Even monks need a retreat. This year, the monks of Gethsemani took a community retreat Jan. 14 through Jan. 21. The retreat house was closed, and the bakery and fudge shop were shut down so that the monks could spend more time in prayer and contemplation.  Bishop Erik Varden, OCSO served as retreat master.

Erik Varden is a monk and bishop, born in Norway in 1974. In 2002, after 10 years at the University of Cambridge, he joined Mount Saint Bernard Abbey in England. He was appointed superior administrator there in 2013 and became abbot in 2015. From 2011 to 2013, he was also a professor of Syriac language, monastic history and Christian anthropology at the Pontifical Atheneum of St. Anselm in Rome. Pope Francis named him bishop of Trondheim in 2019.

Each day at Gethsemani, Bishop Varden led a morning and evening conference.  During the opening session on Saturday, Jan. 15, he referred to the Genesis account of Isaac redigging the wells dug by his father Abraham. In the story, the Philistines had filled the wells in.
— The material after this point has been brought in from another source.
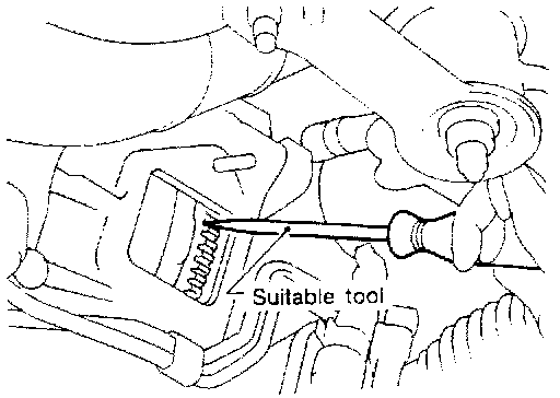 NOTE: At this time, remove starter motor and set a suitable tool to ring gear so that crankshaft cannot rotate.

Bishop Varden invited the monks to view the retreat as a time of “redigging our own wells.” “We have our own internal Philistines,” Varden noted.

The opening chapters of Genesis, it turned out, were the focus of each day’s conference – a “return to the essentials,” he called it. “To live fully, we must remember where we came from and where we are going…and Christ is found in each – the Alpha and the Omega,” Varden said.

Many of the brothers commented on the impressive variety of sources Bishop Varden cited in his conferences – desert fathers, Syriac liturgy, poets, scientists, Holocaust survivors and philosophers to name a few. One monk, who had been in vows nearly 60 years, said he was usually familiar with the readings that retreat masters would use. “I found myself challenged this year,” he said, emphasizing he meant that in a positive way.

In addition to the conferences, he also preached the homily at the community Mass. His homily for Jan. 21, the memorial of St. Agnes, can be found on his website.

The monks are grateful to Bishop Varden and will continue to keep him in prayer.